Я сразу узнала почерк и вскрыла конверт, поднимаясь по лестнице. Оттуда выскользнула новенькая банкнота в двадцать долларов и спланировала мне под ноги. Также в конверте была записка, всего из нескольких слов: «Кажется, ты это обронила». Подписи не было. Но я и так все поняла. Это отец передавал привет. Я подняла банкноту и улыбнулась, предавшись воспоминаниям.

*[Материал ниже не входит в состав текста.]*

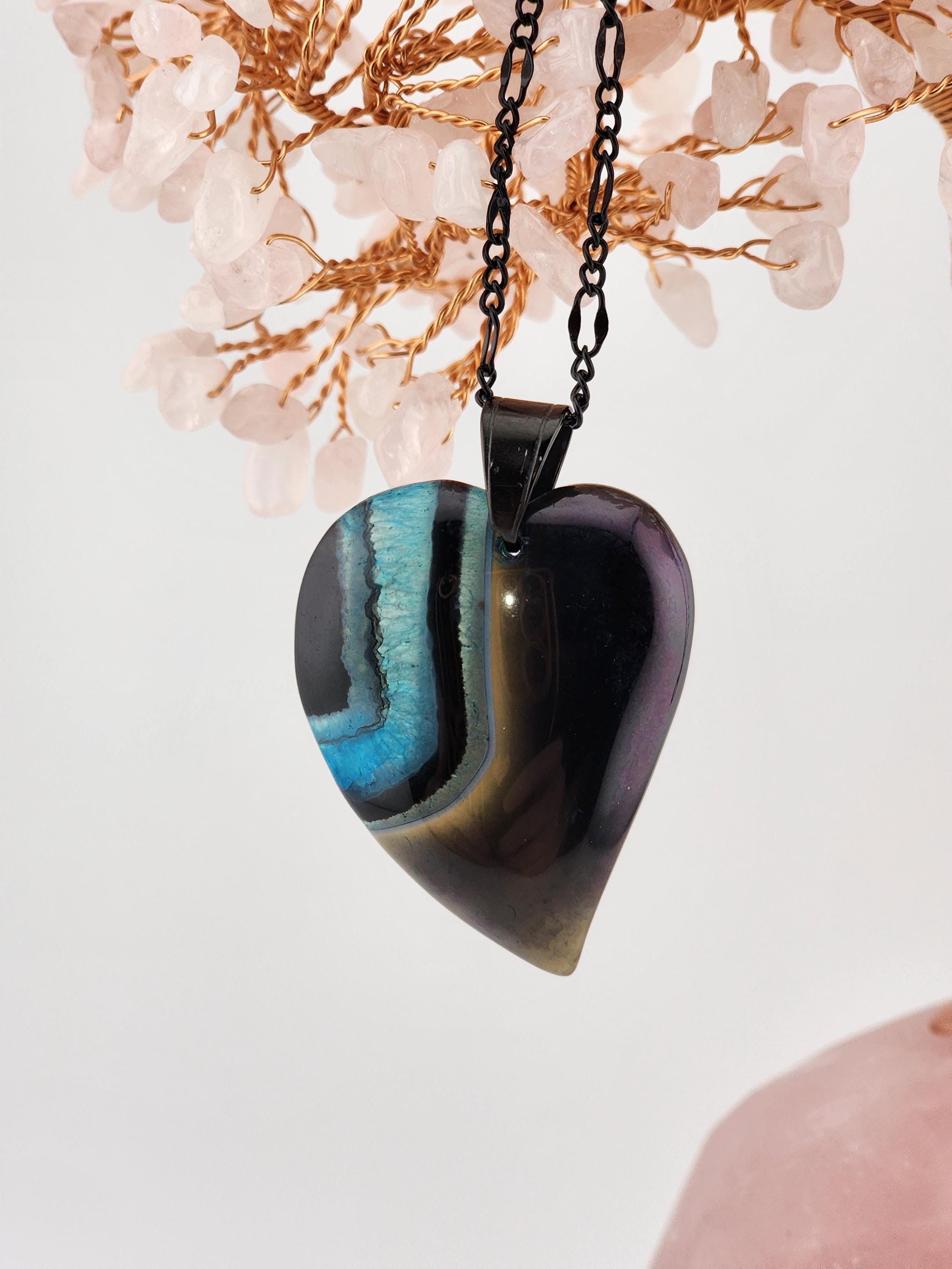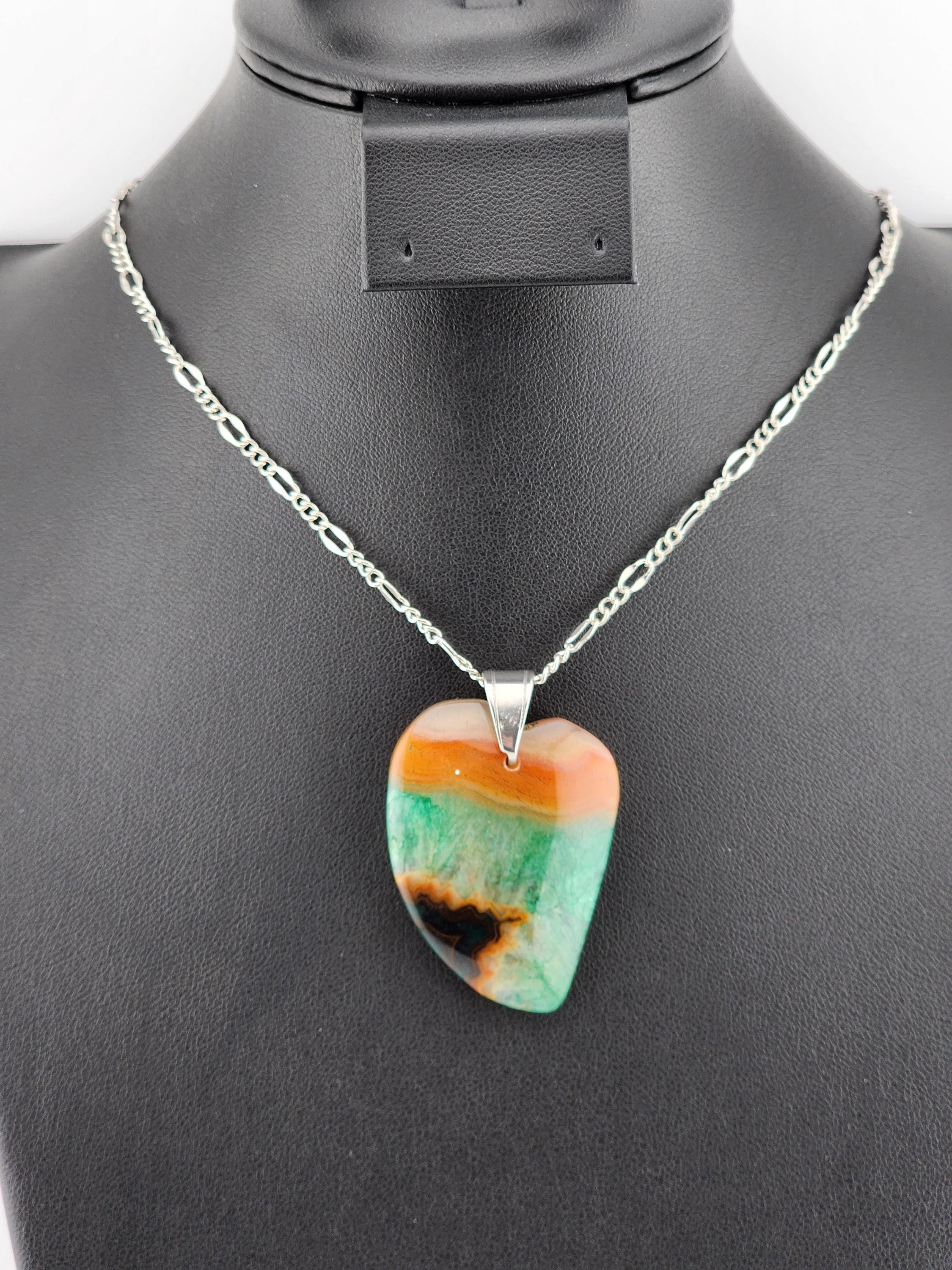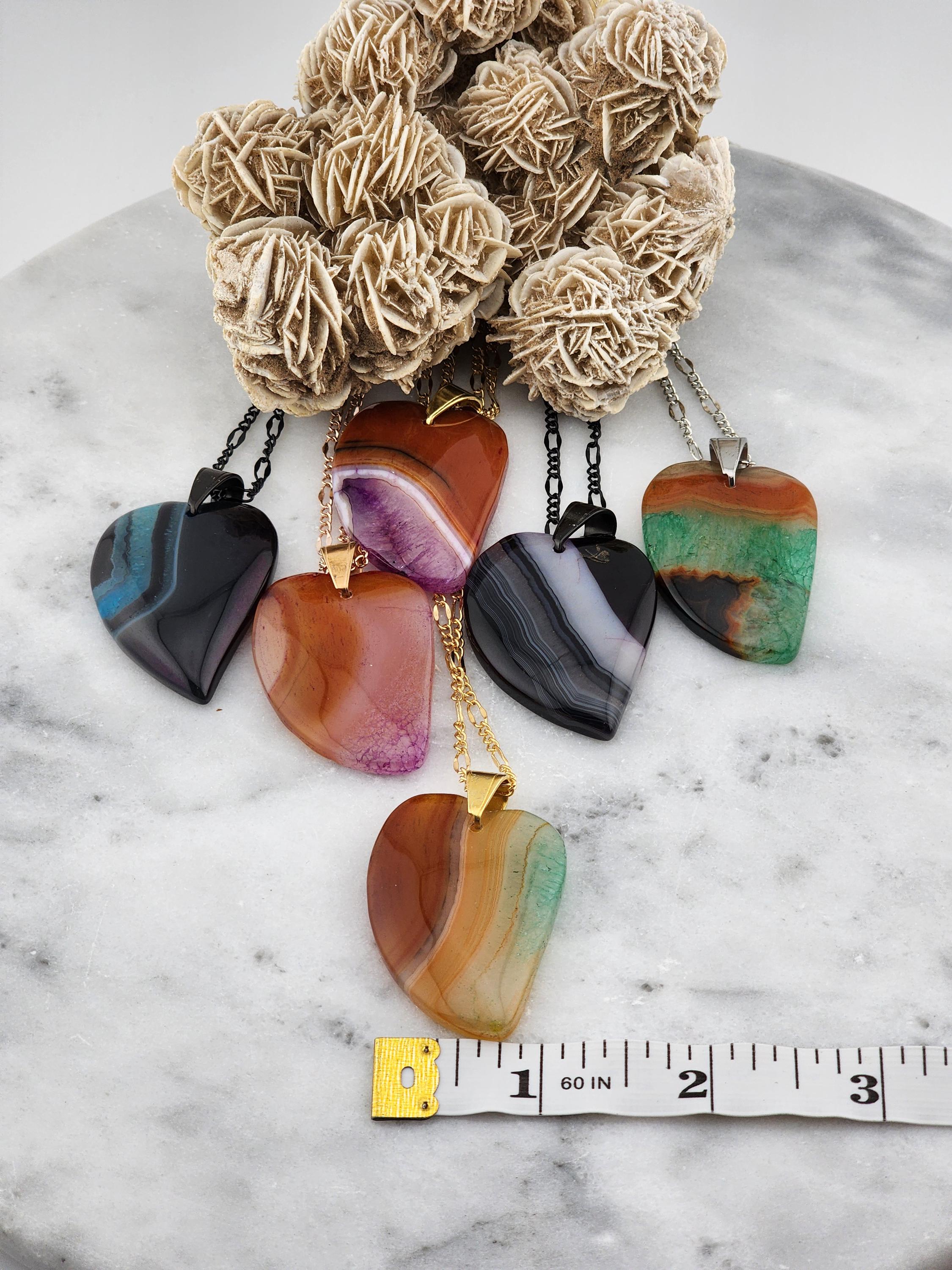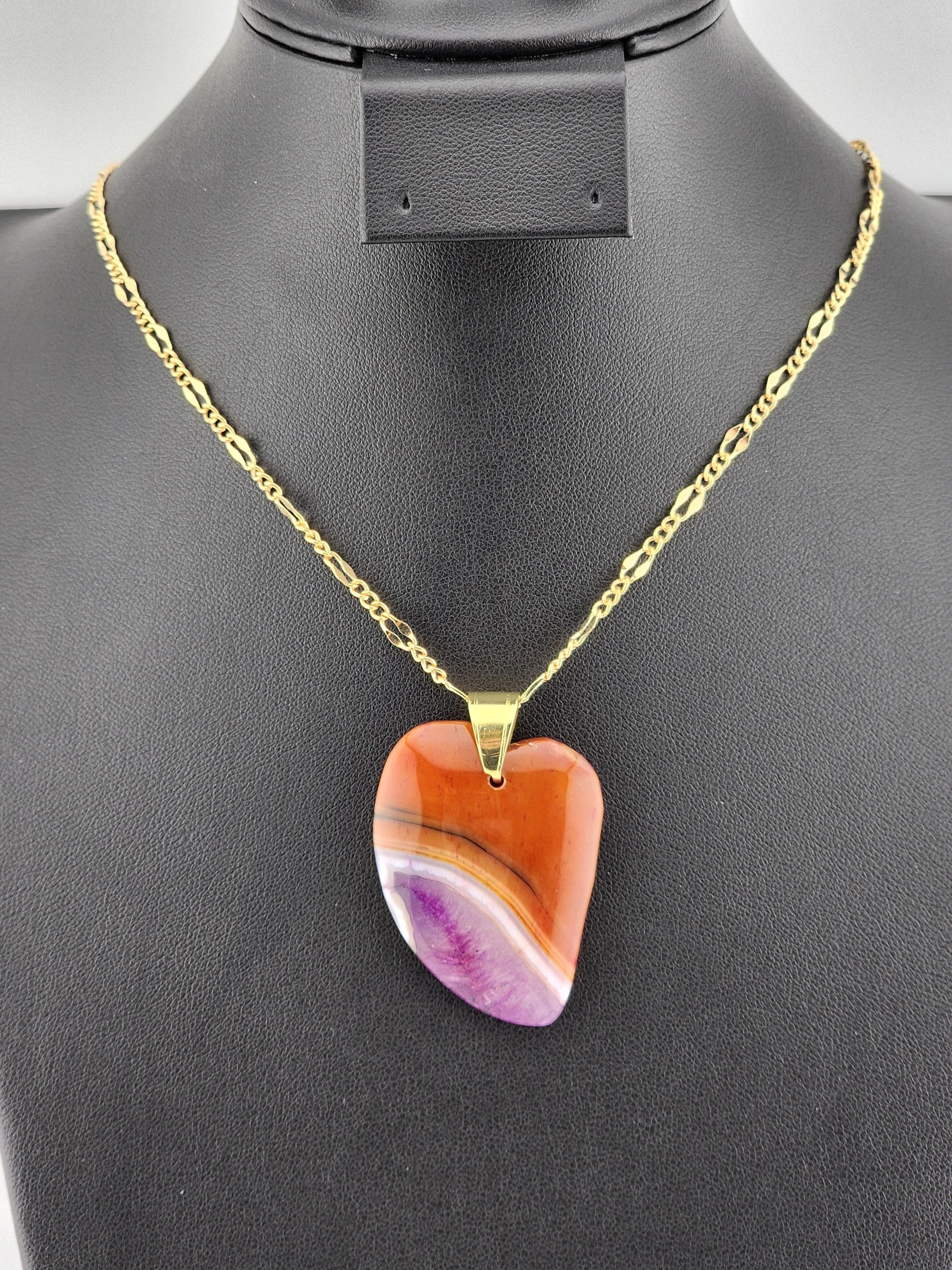 I made each of these necklaces using different color stainless steel chain with extenders that make them adjustable from 22"-24" in length. Each have a different large gradient color crystal stone heart pendant. YOUR CHOICES ARE OF PENDANTS ARE: #1- Blue/Black on a black necklace #2- Orange/Pink/Purple on a rose gold necklace #3- Orange/Yellow/Green on a gold necklace #4- Orange/Green/Black on a silver necklace #5- Orange/Purple on a gold necklace #6- Black/White on a black necklace These boho necklaces are perfect for Valentine's Day or for any occasion. * YOUR PURCHASE WILL ARRIVE IN PRETTY PACKAGING * SIZE: Size:40x30mm. ✨Natural gemstones or semi precious stones come from minerals. Because these hearts are natural, the stones may have tiny flaws. Meanwhile, cutting or polishing also makes every piece of gemstone vary in color and size.

С самого моего детства отец, бывало, доставал четвертак, пятьдесят центов или даже серебряный доллар и вкладывал мне в ладонь со словами: «Кажется, ты это обронила». Это был наш с ним секретик – или я так считала. Может, мама и знала об этом, а может, и нет. Иногда я клала монетку в копилку в виде хрюшки, а иногда просто в карман, чтобы тут же потратить на шоколадку или газировку.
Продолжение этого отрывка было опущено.